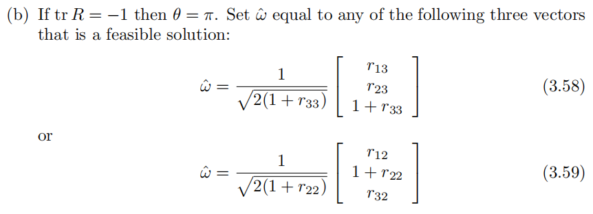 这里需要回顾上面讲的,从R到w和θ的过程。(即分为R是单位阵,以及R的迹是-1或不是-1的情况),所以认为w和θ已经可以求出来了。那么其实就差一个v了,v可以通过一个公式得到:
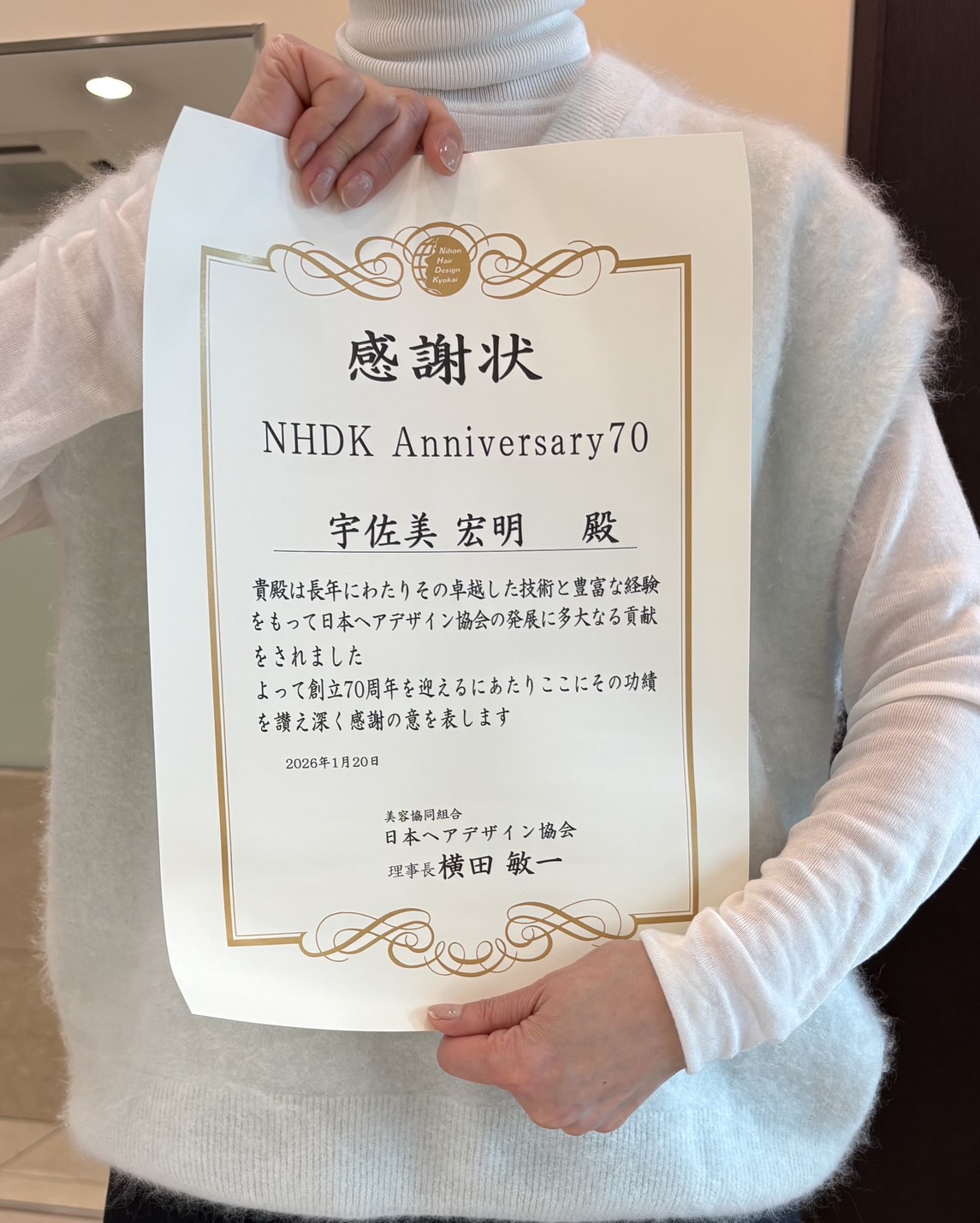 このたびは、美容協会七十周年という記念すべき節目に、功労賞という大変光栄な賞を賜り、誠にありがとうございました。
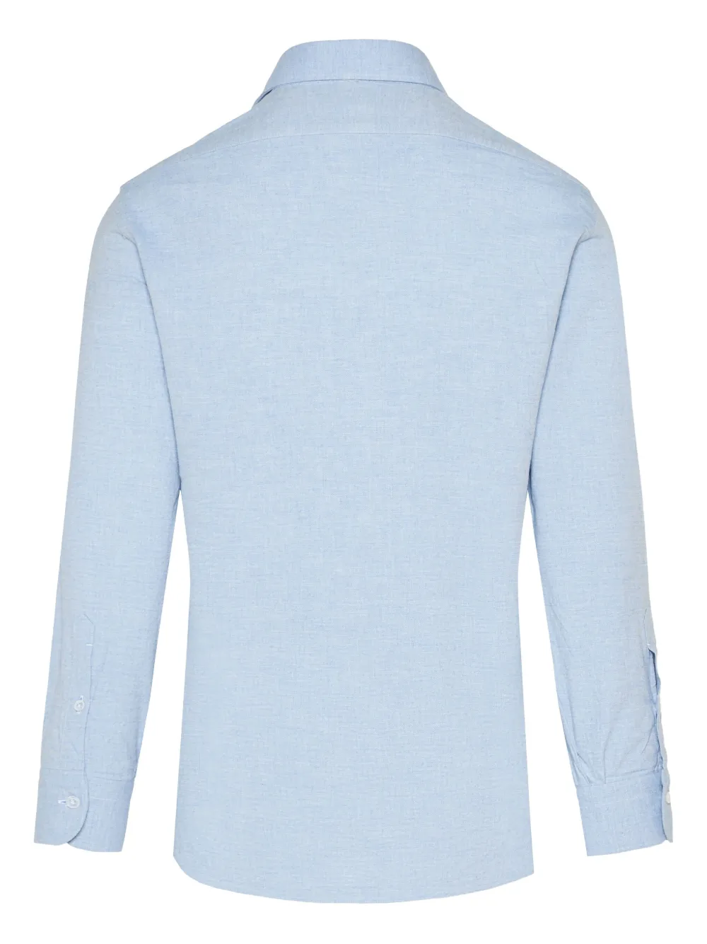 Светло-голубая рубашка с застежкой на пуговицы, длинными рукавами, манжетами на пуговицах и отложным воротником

* * *

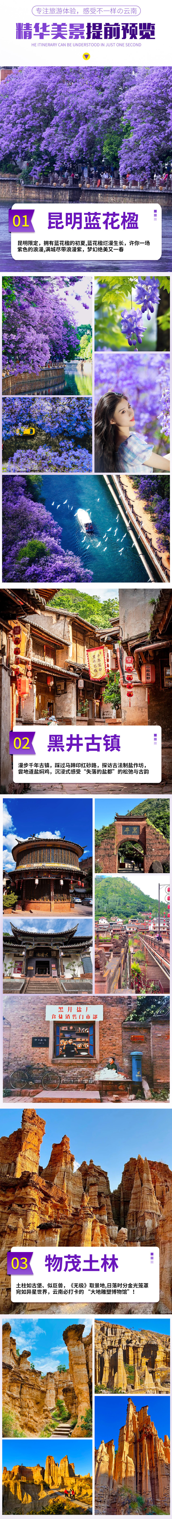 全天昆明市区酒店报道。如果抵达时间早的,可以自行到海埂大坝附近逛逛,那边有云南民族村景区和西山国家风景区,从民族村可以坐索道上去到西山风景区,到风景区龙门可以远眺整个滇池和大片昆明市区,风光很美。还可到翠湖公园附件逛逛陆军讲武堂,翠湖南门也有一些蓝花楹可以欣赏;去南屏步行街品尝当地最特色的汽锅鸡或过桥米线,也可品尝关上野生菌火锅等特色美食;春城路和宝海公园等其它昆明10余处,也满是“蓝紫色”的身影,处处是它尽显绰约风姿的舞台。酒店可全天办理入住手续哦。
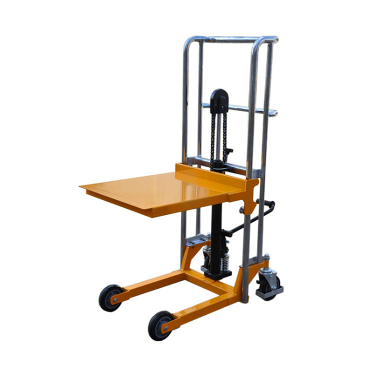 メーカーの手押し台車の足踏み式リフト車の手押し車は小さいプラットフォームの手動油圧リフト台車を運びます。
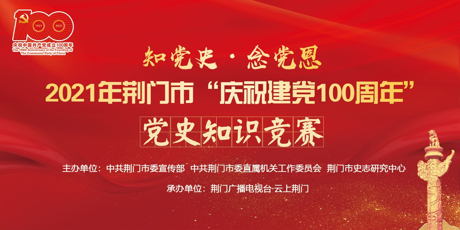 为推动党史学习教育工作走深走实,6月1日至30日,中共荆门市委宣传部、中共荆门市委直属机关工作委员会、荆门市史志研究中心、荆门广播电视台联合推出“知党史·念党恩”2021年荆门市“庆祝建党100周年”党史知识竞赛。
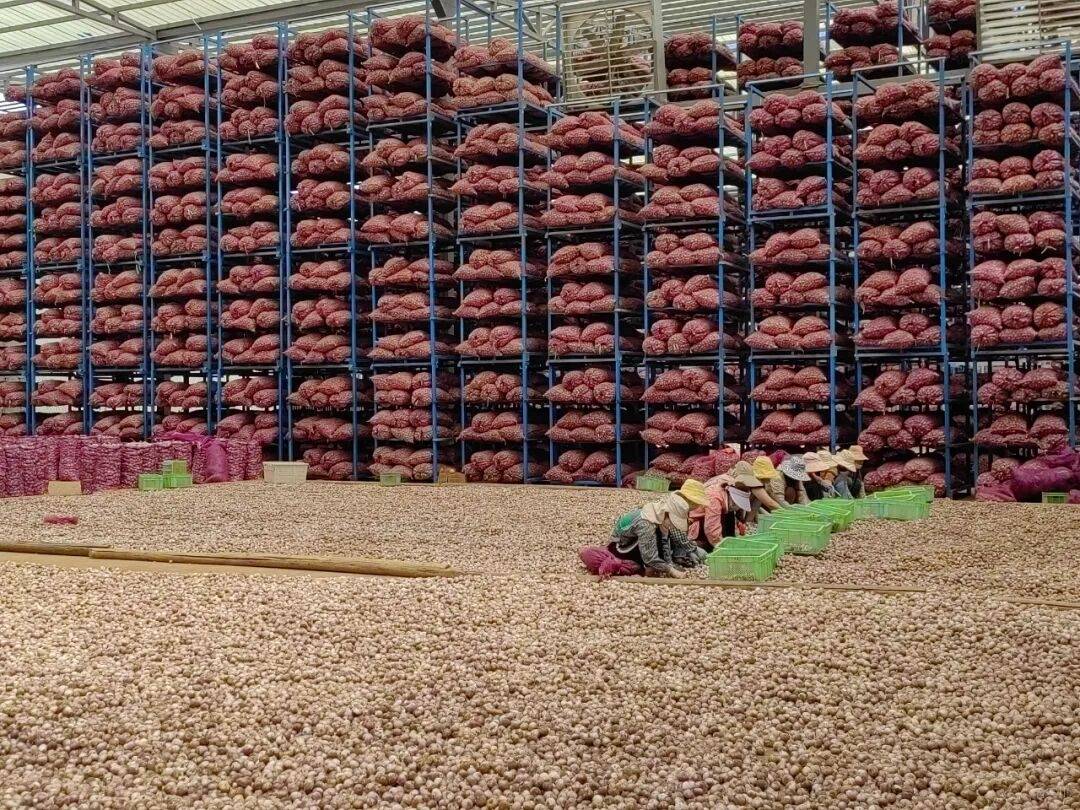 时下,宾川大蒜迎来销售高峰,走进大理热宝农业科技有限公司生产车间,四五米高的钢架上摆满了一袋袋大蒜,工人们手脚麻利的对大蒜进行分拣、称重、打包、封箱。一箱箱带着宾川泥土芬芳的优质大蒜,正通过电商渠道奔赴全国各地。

### Requirement
Output only the lines above from the line that holds "メーカーの手押し台車の足踏み" through the line that holds "时下,宾川大蒜迎来销售高峰,走进大理热宝", both ends included, and exclude pictures.

### Response area
 メーカーの手押し台車の足踏み式リフト車の手押し車は小さいプラットフォームの手動油圧リフト台車を運びます。
 为推动党史学习教育工作走深走实,6月1日至30日,中共荆门市委宣传部、中共荆门市委直属机关工作委员会、荆门市史志研究中心、荆门广播电视台联合推出“知党史·念党恩”2021年荆门市“庆祝建党100周年”党史知识竞赛。
 时下,宾川大蒜迎来销售高峰,走进大理热宝农业科技有限公司生产车间,四五米高的钢架上摆满了一袋袋大蒜,工人们手脚麻利的对大蒜进行分拣、称重、打包、封箱。一箱箱带着宾川泥土芬芳的优质大蒜,正通过电商渠道奔赴全国各地。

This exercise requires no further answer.